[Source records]

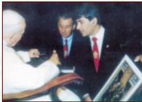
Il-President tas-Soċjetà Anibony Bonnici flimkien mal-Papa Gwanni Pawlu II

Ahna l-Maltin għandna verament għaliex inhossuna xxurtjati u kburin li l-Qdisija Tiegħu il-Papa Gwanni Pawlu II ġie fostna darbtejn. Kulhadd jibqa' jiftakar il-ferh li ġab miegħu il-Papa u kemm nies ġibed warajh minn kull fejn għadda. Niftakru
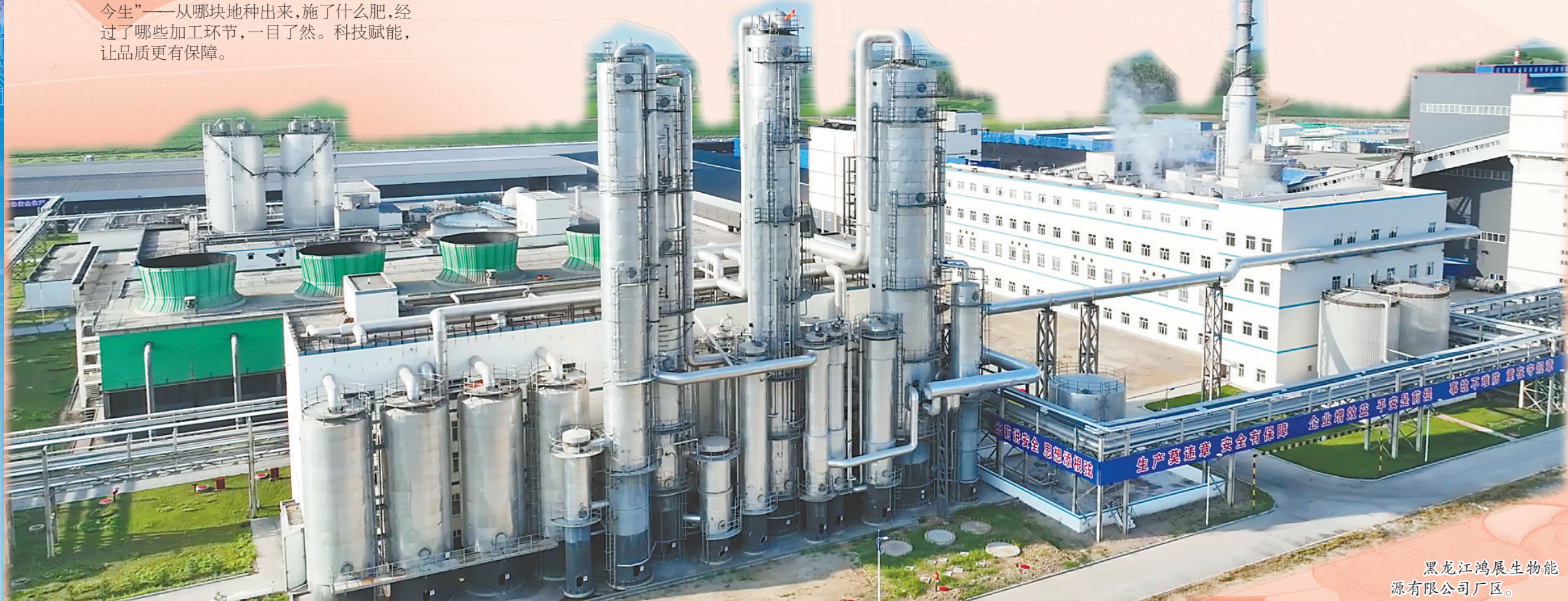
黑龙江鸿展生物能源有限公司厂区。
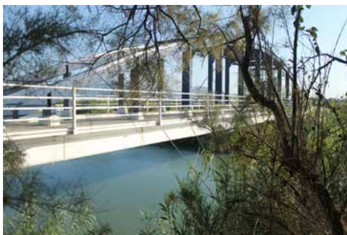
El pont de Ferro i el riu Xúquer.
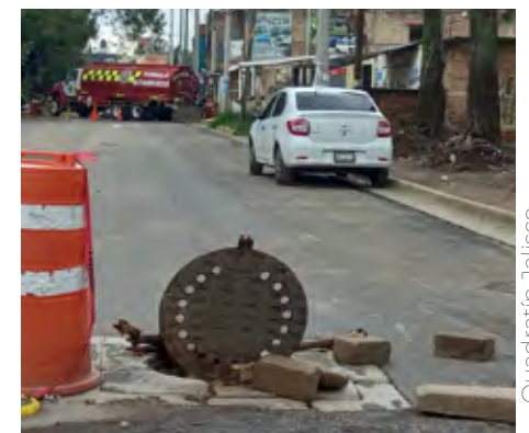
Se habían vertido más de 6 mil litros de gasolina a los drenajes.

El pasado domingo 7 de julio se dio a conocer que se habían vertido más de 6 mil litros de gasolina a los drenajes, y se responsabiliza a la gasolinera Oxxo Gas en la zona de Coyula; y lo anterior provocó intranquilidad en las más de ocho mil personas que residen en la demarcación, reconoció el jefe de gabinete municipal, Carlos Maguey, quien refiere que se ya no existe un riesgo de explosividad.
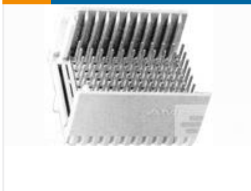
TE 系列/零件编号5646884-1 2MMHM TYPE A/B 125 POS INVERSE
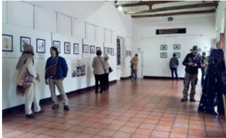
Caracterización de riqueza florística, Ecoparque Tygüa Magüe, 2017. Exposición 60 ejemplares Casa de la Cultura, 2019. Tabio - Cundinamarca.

:: AIM OF THE EXERCISE ::
Each line above is to be copied exactly, and the pictures are to be dropped.

:: RESULT OF THE EXERCISE ::
Il-President tas-Soċjetà Anibony Bonnici flimkien mal-Papa Gwanni Pawlu II

Ahna l-Maltin għandna verament għaliex inhossuna xxurtjati u kburin li l-Qdisija Tiegħu il-Papa Gwanni Pawlu II ġie fostna darbtejn. Kulhadd jibqa' jiftakar il-ferh li ġab miegħu il-Papa u kemm nies ġibed warajh minn kull fejn għadda. Niftakru
黑龙江鸿展生物能源有限公司厂区。
El pont de Ferro i el riu Xúquer.
Se habían vertido más de 6 mil litros de gasolina a los drenajes.

El pasado domingo 7 de julio se dio a conocer que se habían vertido más de 6 mil litros de gasolina a los drenajes, y se responsabiliza a la gasolinera Oxxo Gas en la zona de Coyula; y lo anterior provocó intranquilidad en las más de ocho mil personas que residen en la demarcación, reconoció el jefe de gabinete municipal, Carlos Maguey, quien refiere que se ya no existe un riesgo de explosividad.
TE 系列/零件编号5646884-1 2MMHM TYPE A/B 125 POS INVERSE
Caracterización de riqueza florística, Ecoparque Tygüa Magüe, 2017. Exposición 60 ejemplares Casa de la Cultura, 2019. Tabio - Cundinamarca.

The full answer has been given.